WHAT THE TASK REQUIRES:
From the entries below, copy exactly the lines from the one that contains "Рис. 5. Табл." through the one that contains "그 림 목 차 그림 1.", both included, and only those.

ENTRIES SHOWN:
[Start of section]

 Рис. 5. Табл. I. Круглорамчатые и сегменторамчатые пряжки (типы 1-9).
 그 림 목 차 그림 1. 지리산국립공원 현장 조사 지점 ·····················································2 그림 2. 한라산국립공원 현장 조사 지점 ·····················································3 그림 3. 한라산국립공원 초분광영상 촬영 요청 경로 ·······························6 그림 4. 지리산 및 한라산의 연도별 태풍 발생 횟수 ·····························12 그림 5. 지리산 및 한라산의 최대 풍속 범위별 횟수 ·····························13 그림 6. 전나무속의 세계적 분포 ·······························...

[End of section]
[Start of section]

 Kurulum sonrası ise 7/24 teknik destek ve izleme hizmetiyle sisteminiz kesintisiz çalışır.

[End of section]

EXERCISE OUTPUT:
 Рис. 5. Табл. I. Круглорамчатые и сегменторамчатые пряжки (типы 1-9).
 그 림 목 차 그림 1. 지리산국립공원 현장 조사 지점 ·····················································2 그림 2. 한라산국립공원 현장 조사 지점 ·····················································3 그림 3. 한라산국립공원 초분광영상 촬영 요청 경로 ·······························6 그림 4. 지리산 및 한라산의 연도별 태풍 발생 횟수 ·····························12 그림 5. 지리산 및 한라산의 최대 풍속 범위별 횟수 ·····························13 그림 6. 전나무속의 세계적 분포 ·······························...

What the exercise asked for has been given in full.